### Data for this exercise

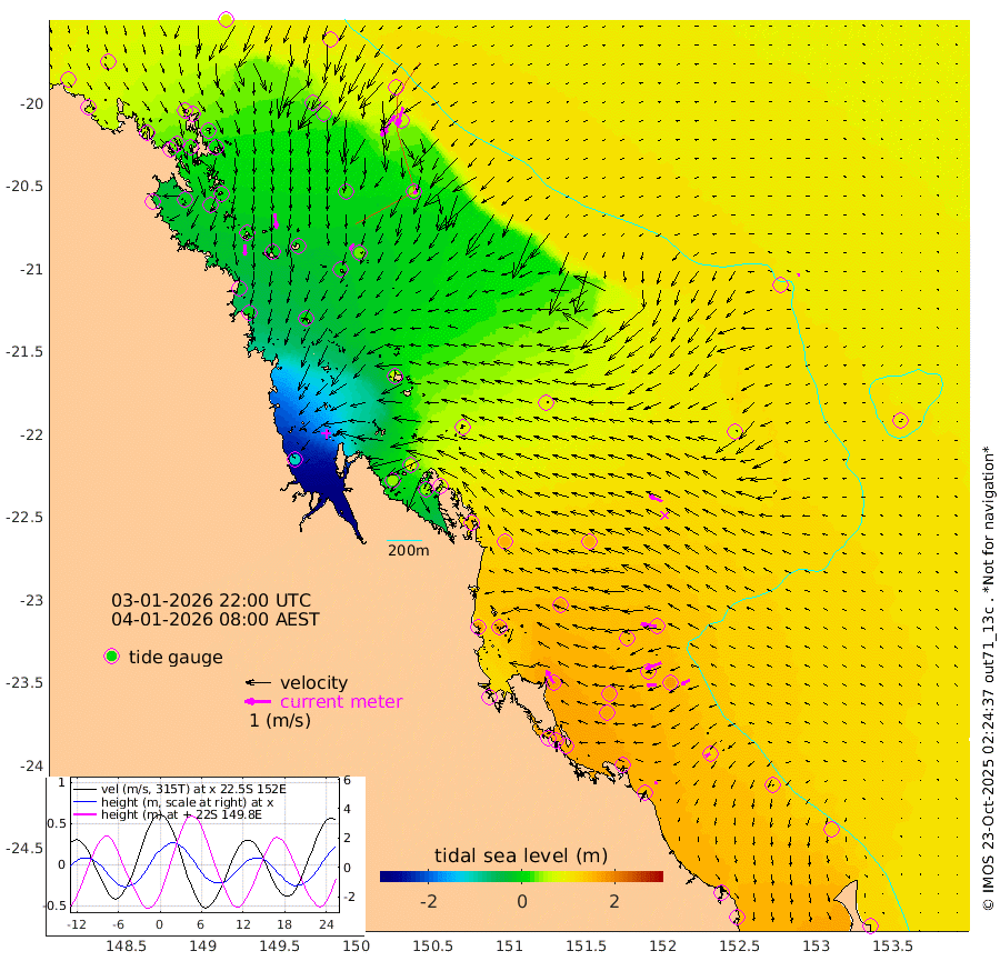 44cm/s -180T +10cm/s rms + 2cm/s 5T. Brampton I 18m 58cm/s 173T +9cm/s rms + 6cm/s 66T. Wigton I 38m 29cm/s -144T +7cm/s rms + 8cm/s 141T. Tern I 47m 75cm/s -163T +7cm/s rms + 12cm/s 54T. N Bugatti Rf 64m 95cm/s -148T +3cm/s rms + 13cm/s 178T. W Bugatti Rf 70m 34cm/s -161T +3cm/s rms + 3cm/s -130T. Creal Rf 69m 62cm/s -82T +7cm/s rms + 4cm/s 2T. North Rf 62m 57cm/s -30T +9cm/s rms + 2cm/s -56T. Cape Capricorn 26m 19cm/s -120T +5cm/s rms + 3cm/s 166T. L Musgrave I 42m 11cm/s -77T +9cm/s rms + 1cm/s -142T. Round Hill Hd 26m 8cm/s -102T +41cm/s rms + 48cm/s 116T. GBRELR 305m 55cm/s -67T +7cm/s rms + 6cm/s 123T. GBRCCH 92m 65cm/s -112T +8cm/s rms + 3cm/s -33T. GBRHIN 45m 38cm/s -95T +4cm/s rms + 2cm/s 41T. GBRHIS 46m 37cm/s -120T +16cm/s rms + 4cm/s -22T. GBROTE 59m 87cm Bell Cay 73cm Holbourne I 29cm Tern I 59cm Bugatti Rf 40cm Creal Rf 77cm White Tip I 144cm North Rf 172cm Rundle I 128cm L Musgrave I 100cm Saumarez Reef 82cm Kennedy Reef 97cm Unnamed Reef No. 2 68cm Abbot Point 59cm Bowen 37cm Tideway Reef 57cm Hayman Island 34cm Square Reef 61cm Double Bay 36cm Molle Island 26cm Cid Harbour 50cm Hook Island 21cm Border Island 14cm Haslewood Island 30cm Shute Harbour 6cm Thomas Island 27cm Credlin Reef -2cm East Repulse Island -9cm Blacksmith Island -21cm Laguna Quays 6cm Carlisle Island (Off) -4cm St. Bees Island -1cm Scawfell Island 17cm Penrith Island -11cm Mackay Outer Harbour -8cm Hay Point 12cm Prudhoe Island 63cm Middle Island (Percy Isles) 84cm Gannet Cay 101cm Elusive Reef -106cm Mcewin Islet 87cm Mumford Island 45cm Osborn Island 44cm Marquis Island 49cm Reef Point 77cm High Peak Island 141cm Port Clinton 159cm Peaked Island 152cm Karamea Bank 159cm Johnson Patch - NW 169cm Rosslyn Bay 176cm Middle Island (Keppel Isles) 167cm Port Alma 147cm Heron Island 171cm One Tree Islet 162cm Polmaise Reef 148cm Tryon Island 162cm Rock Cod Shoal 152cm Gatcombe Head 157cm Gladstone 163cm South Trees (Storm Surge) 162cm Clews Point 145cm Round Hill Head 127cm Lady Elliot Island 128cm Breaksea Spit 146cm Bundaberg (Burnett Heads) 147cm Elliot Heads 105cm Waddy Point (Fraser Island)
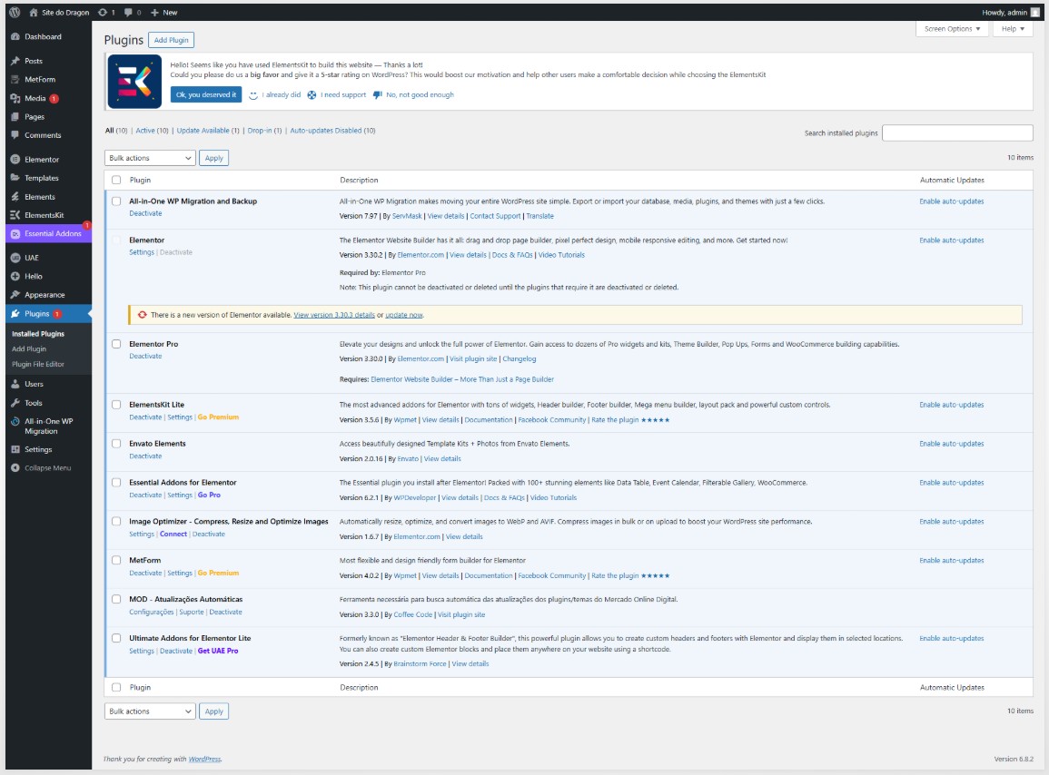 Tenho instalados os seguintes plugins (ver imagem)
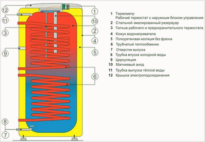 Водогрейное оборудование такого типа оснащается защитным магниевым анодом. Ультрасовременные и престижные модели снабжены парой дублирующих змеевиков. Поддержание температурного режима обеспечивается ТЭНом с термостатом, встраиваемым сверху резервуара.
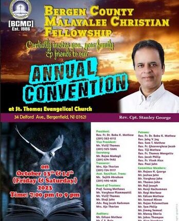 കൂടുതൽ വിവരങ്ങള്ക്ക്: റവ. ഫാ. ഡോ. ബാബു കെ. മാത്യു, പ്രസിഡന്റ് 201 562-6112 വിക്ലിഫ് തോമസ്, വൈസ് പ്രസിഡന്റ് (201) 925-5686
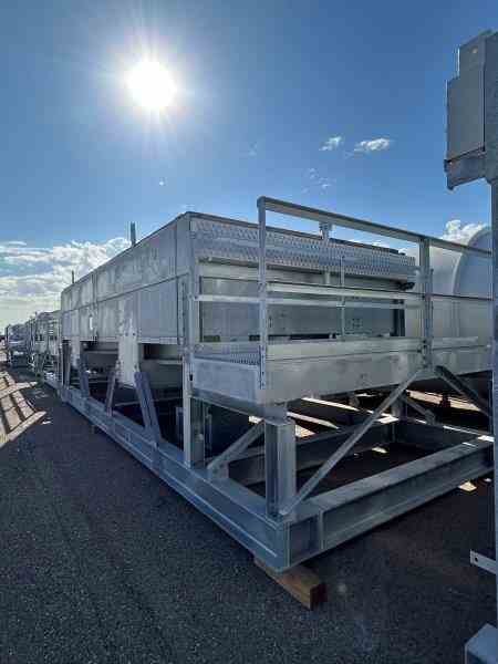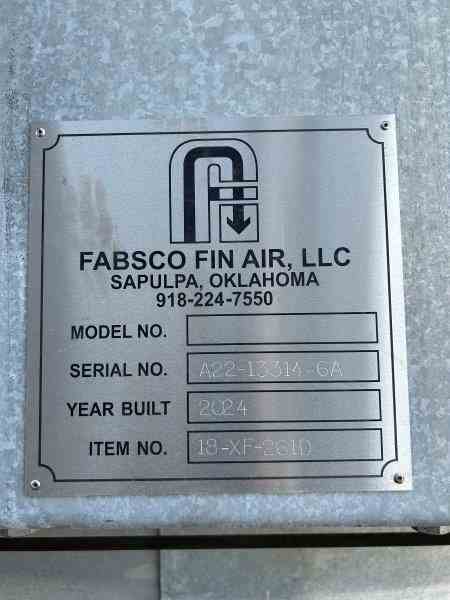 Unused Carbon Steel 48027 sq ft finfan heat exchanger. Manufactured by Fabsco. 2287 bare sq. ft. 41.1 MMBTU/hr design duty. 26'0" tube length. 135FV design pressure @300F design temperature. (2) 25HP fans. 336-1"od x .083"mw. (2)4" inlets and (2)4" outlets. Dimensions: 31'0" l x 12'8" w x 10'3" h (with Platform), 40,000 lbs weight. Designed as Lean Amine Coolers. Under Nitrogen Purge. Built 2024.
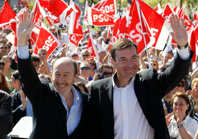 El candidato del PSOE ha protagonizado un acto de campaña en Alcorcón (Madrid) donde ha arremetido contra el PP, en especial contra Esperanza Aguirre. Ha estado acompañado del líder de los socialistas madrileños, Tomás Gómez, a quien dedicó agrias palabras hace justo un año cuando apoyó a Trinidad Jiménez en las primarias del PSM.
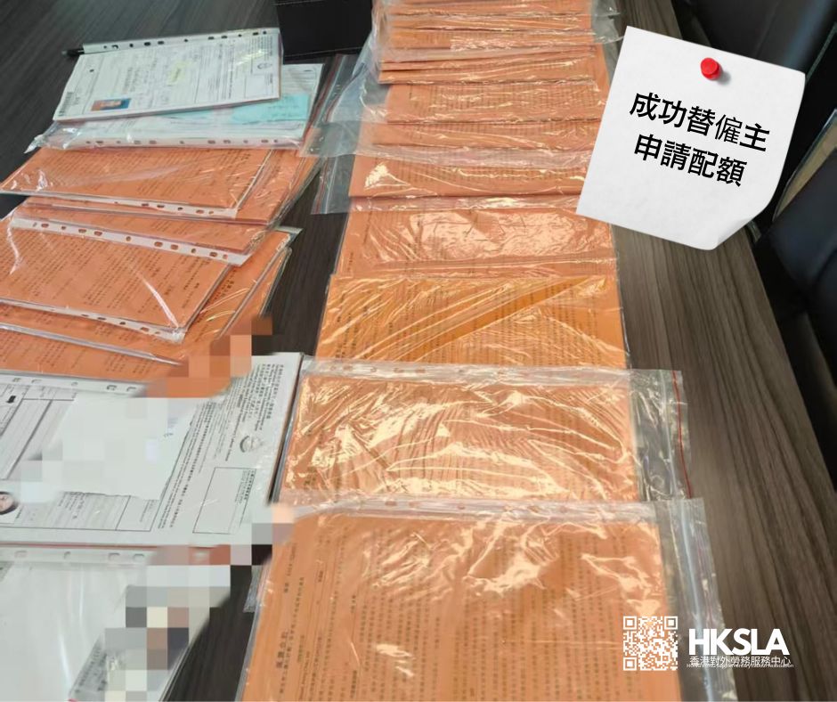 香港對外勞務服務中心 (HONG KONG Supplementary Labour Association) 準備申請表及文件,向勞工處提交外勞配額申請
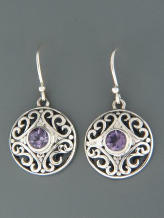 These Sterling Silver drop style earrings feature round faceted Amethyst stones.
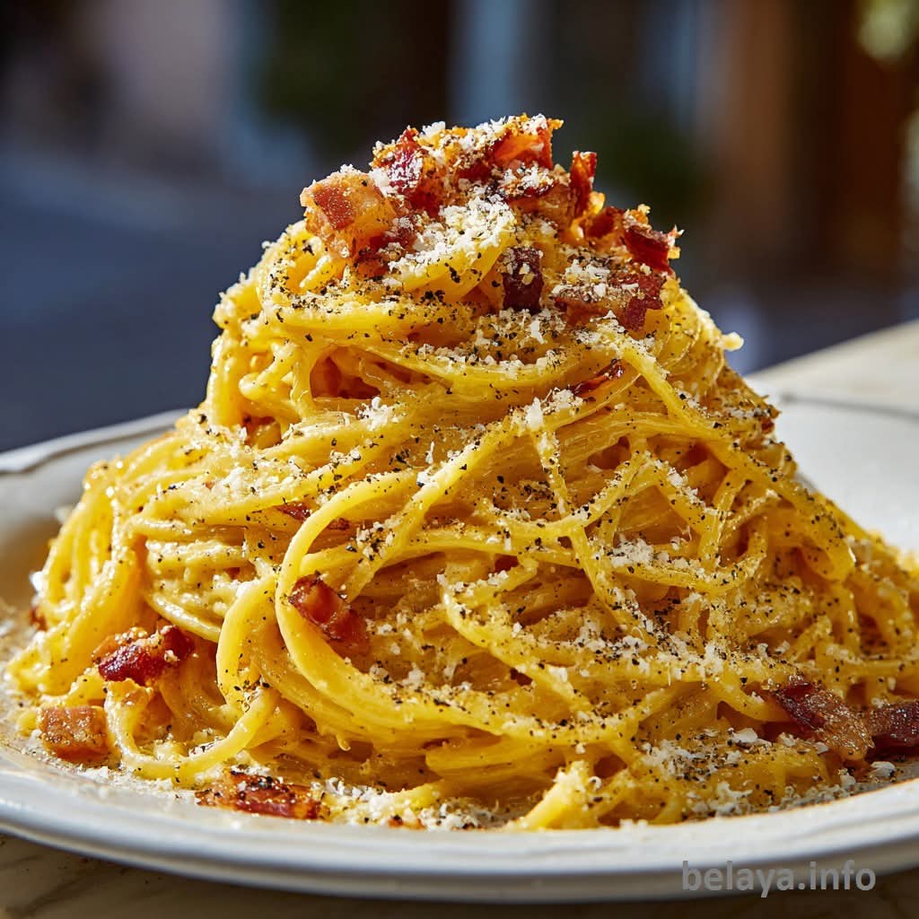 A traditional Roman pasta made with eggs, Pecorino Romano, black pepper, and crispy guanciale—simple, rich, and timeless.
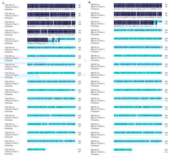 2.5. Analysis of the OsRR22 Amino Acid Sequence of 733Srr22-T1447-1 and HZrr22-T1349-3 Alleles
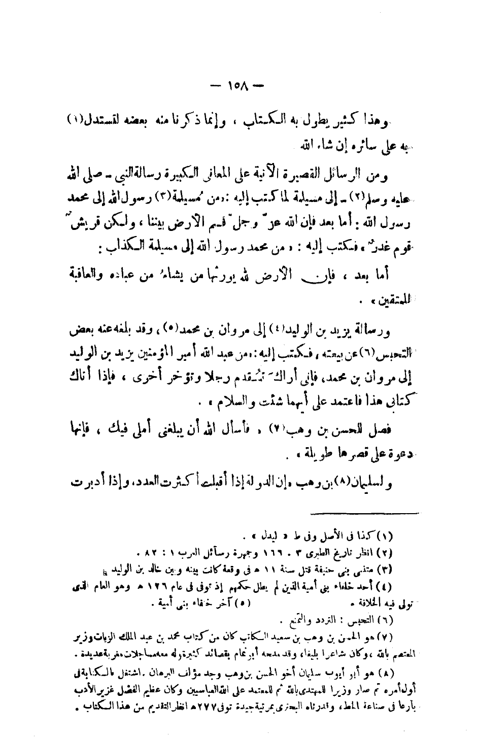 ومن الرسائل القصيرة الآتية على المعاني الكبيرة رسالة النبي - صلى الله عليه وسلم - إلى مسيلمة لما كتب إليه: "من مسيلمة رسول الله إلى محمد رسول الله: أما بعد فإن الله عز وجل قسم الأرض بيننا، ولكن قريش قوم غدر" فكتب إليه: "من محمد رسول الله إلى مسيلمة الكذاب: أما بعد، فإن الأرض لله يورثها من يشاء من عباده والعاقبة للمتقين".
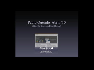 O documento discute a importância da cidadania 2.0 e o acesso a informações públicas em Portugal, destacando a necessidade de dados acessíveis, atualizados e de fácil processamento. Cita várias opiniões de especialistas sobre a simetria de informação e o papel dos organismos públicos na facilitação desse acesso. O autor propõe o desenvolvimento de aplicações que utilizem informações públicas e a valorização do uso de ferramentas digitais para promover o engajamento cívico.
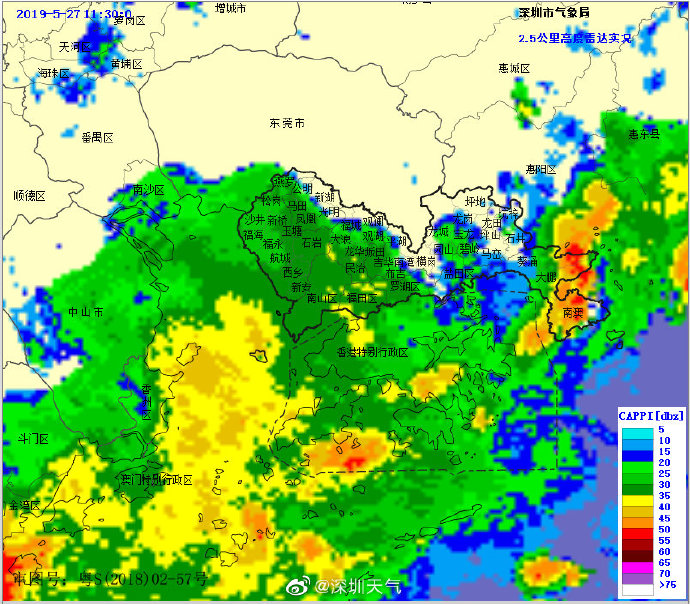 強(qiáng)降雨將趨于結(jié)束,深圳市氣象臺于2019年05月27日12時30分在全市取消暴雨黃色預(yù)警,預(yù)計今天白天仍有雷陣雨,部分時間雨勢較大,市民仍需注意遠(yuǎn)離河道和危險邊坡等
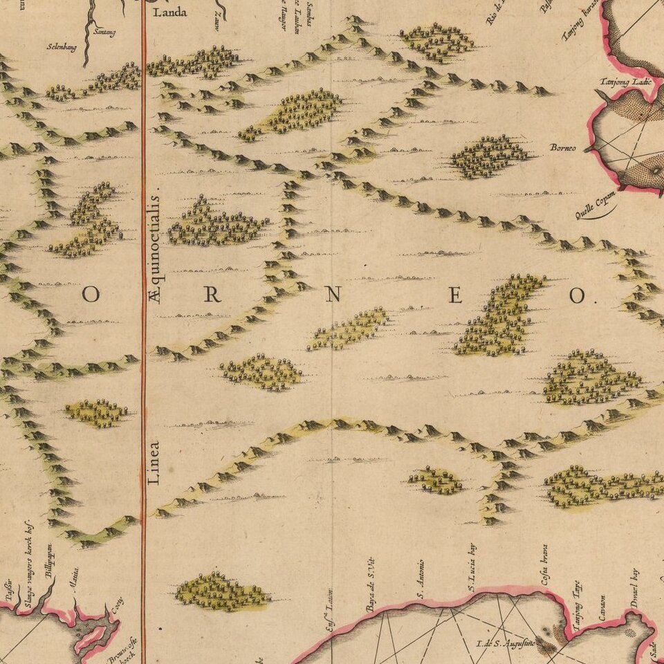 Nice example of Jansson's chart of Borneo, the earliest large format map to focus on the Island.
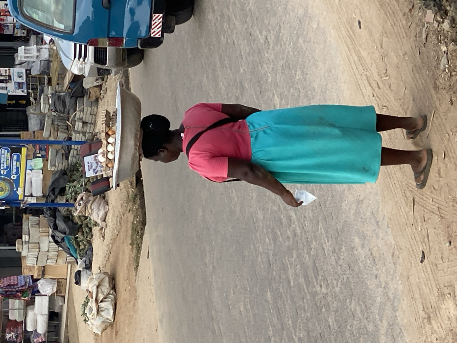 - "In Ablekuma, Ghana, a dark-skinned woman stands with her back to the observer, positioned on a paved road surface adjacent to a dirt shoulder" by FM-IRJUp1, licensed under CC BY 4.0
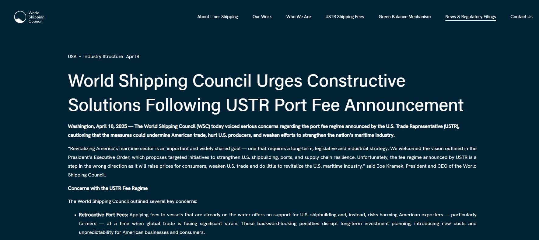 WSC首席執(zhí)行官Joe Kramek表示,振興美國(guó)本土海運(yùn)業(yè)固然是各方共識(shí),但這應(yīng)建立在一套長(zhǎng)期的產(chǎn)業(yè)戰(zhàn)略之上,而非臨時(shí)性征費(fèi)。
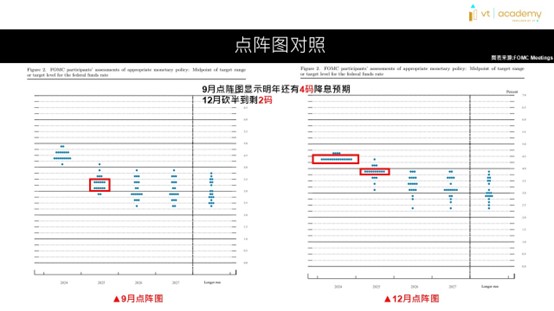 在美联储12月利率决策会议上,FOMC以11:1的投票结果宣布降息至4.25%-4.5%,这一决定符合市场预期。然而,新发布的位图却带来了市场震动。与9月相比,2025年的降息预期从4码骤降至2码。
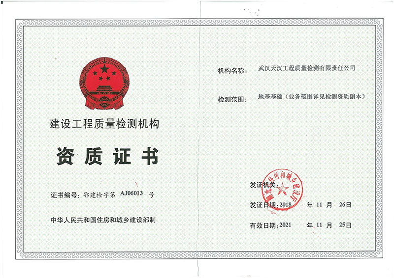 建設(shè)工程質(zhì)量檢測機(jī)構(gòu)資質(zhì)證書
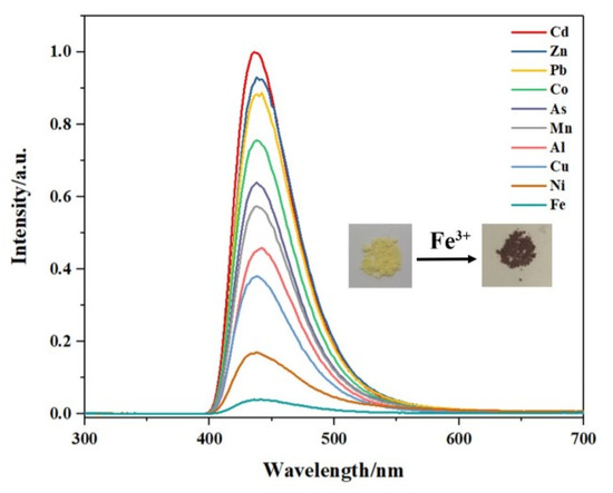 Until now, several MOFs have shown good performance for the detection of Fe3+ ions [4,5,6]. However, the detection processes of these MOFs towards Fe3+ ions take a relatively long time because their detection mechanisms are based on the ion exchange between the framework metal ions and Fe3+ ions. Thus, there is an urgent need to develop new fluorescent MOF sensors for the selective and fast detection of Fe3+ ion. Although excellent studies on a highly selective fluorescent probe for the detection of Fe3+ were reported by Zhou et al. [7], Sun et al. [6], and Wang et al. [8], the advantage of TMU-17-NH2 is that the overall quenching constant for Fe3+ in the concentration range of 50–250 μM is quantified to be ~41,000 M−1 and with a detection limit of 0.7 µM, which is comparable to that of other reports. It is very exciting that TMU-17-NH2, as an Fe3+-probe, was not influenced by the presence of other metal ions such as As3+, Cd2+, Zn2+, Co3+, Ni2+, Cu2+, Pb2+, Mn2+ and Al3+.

### Task requirements
Copy only the lines above from the one containing "ومن الرسائل القصيرة" through the one containing "強(qiáng)降雨將趨于結", both included. Leave out the pictures.

### Result below
 ومن الرسائل القصيرة الآتية على المعاني الكبيرة رسالة النبي - صلى الله عليه وسلم - إلى مسيلمة لما كتب إليه: "من مسيلمة رسول الله إلى محمد رسول الله: أما بعد فإن الله عز وجل قسم الأرض بيننا، ولكن قريش قوم غدر" فكتب إليه: "من محمد رسول الله إلى مسيلمة الكذاب: أما بعد، فإن الأرض لله يورثها من يشاء من عباده والعاقبة للمتقين".
 O documento discute a importância da cidadania 2.0 e o acesso a informações públicas em Portugal, destacando a necessidade de dados acessíveis, atualizados e de fácil processamento. Cita várias opiniões de especialistas sobre a simetria de informação e o papel dos organismos públicos na facilitação desse acesso. O autor propõe o desenvolvimento de aplicações que utilizem informações públicas e a valorização do uso de ferramentas digitais para promover o engajamento cívico.
 強(qiáng)降雨將趨于結(jié)束,深圳市氣象臺于2019年05月27日12時30分在全市取消暴雨黃色預(yù)警,預(yù)計今天白天仍有雷陣雨,部分時間雨勢較大,市民仍需注意遠(yuǎn)離河道和危險邊坡等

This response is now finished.